Luteolin sensitizes the antiproliferative effect of interferon α/β by activation of Janus kinase/signal transducer and activator of transcription pathway signaling through protein kinase A-mediated inhibition of protein tyrosine phosphatase SHP-2 in cancer cells

Abstract

New negative regulators of interferon (IFN) signaling, preferably with tissue specificity, are needed to develop therapeutic means to enhance the efficacy of type I IFNs (IFN-α/β) and reduce their side effects. We conducted cell-based screening for IFN signaling enhancer and discovered that luteolin, a natural flavonoid, sensitized the antiproliferative effect of IFN-α in hepatoma HepG2 cells and cervical carcinoma HeLa cells. Luteolin promoted IFN-β-induced Janus kinase/signal transducer and activator of transcription (JAK/STAT) pathway activation by enhancing the phosphorylation of Jak1, Tyk2, and STAT1/2, thereby promoting STAT1 accumulation in the nucleus and endogenous IFN-α-regulated gene expression. Of interest, inhibition of phosphodiesterase (PDE) abolished the effect of IFN-β and luteolin on STAT1 phosphorylation. Luteolin also increased the cAMP-degrading activity of PDE bound with type I interferon receptor 2 (IFNAR2) and decreased the intracellular cAMP level, indicating that luteolin may act on the JAK/STAT pathway via PDE. Protein kinase A (PKA) was found to negatively regulate IFN-β-induced JAK/STAT signaling, and its inhibitory effect was counteracted by luteolin. Pull-down and immunoprecipitation assays revealed that type II PKA interacted with IFNAR2 via the receptor for activated C-kinase 1 (RACK-1), and such interaction was inhibited by luteolin. Src homology domain 2 containing tyrosine phosphatase-2 (SHP-2) was further found to mediate the inhibitory effect of PKA on the JAK/STAT pathway. These data suggest that PKA/PDE-mediated cAMP signaling, integrated by RACK-1 to IFNAR2, may negatively regulate IFN signaling through SHP-2. Inhibition of this signaling may provide a new way to sensitize the efficacy of IFN-α/β.

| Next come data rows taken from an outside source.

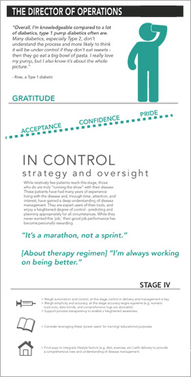 Interestingly, the design attributes that might foster these behaviors vary across those stages identified, as attitudes towards disease management (and consequently user needs) shift from that of denial and resistance to acknowledgement and acceptance. A deep understanding of the emotional drivers within each stage can help determine tangible design guidelines for each of the archetypes defined.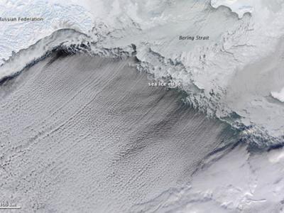 白令海峡上空出现壮观的云街现象 据美国宇航局官网报道,2010年1月中旬,白...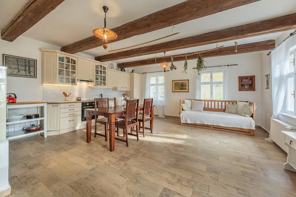 Dům nabízí přízemí a obytné podkroví. Objekt prošel rozsáhlou rekonstrukcí v letech 2016-2021 - nová střecha, nová elektřina, rozvody vody, ohřev bojlerem a vytápění elektrokotlem (částečně radiátory a částečně podlahové topení). Nová okna a dveře ve dřevě na míru. Stylové vypínače a zásuvky, odhalené pískovcoví zdivo a spousta další detailů. Příprava na druhou kopelnu a další pokoj na půdě. Sklep na víno.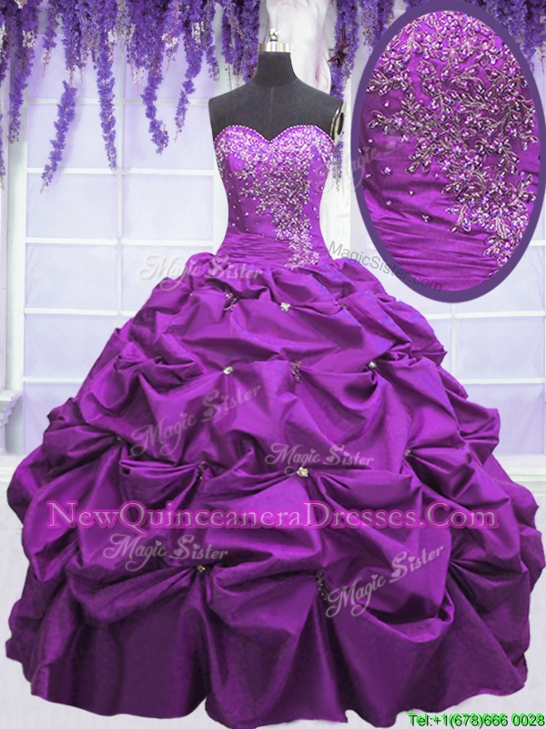 Beautiful Purple Sweetheart Neckline Appliques and Pick Ups Quinceanera Dresses Sleeveless Lace Up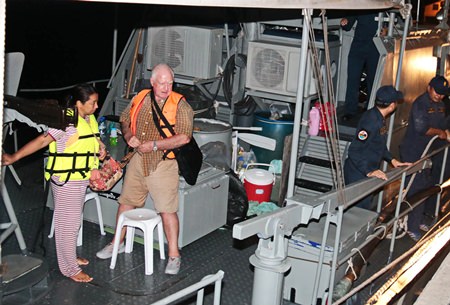 The First Naval Area Command found British national Raymond Luggman, 75, and his wife Ubolrat Nikornpol, 49, in a rubber life boat just after midnight March 4 about three nautical miles off Koh Era. The Rescue crew provided first aid, food and water before taking the pair to Queen Sirikit Naval Medical Center in Sattahip for evaluation.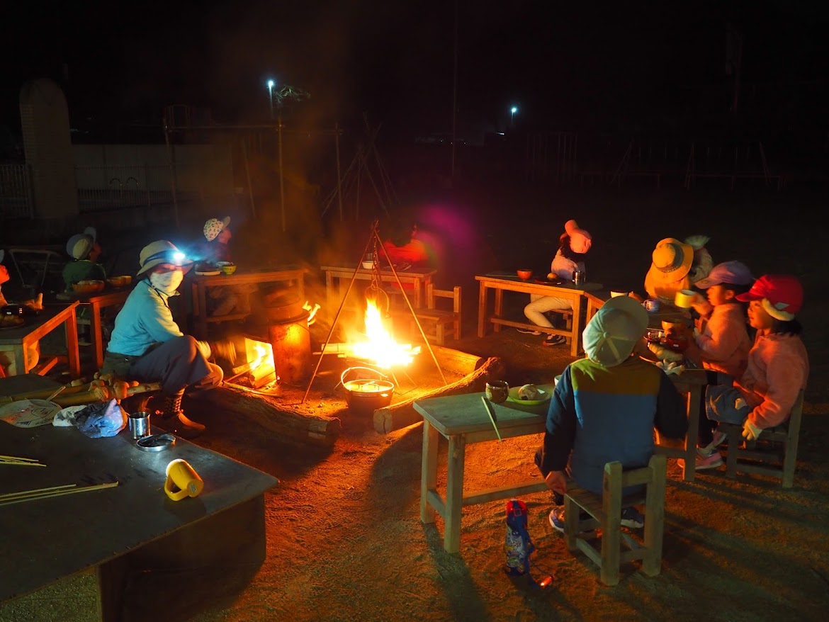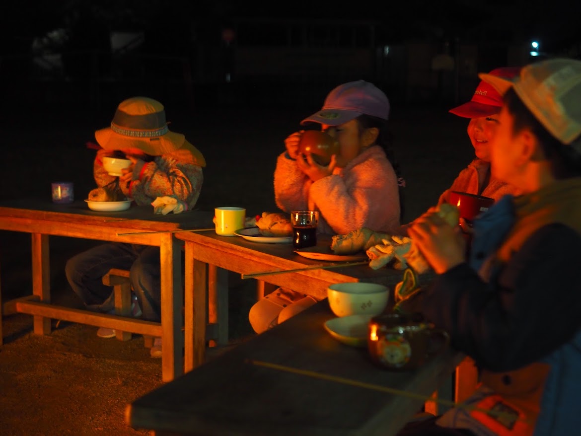 歯磨きをした後は、ナイトウォーク。暗い道を数メートルですが、1人で歩いてみたり、コオロギの声が聞こえたところをライトで見たり、木の葉っぱが昼間とは違う色に見えることに気付いたり、影が長かったり・・・。昼間とは違う闇の体験をしました。

Keywords: 2′5′-OAS1; 2′5′-oligoadenylate synthetase 1; 3-isobutyl-1-methylxanthine; 3′,4′,5,7-tetrahydroxyflavone; A-kinase anchoring protein; AKAP; CRE; DMSO; ERK; GADPH; GST; IBMX; IFN; IFNAR; ISRE; Interferon; JAK; Janus kinase; Luteolin; MS; Na(3)VO(4); PDE; PKA; PKA RIIα; PKC; PKR; Phosphodiesterase; RACK-1; SHP; SHP-2; STAT; Src homology domain 2 containing phosphotyrosine phosphatase; cAMP; cAMP responsive element; cAMP-dependent protein kinase A; cyclic adenosine 3′,5′-monophosphate; dimethyl sulfoxide; extracellular signal-regulated kinase; glutathione S-transferase; glyceraldehyde-3-phosphate dehydrogenase; interferon; interferon α-stimulated response element; interferon-induced, double-stranded RNA-activated protein kinase; luteolin; multiple sclerosis; phosphodiesterase; protein kinase C; receptor for activated C-kinase 1; signal transducer and activator of transcription; sodium orthovanadate; type I interferon receptor; type II PKA regulatory subunit α.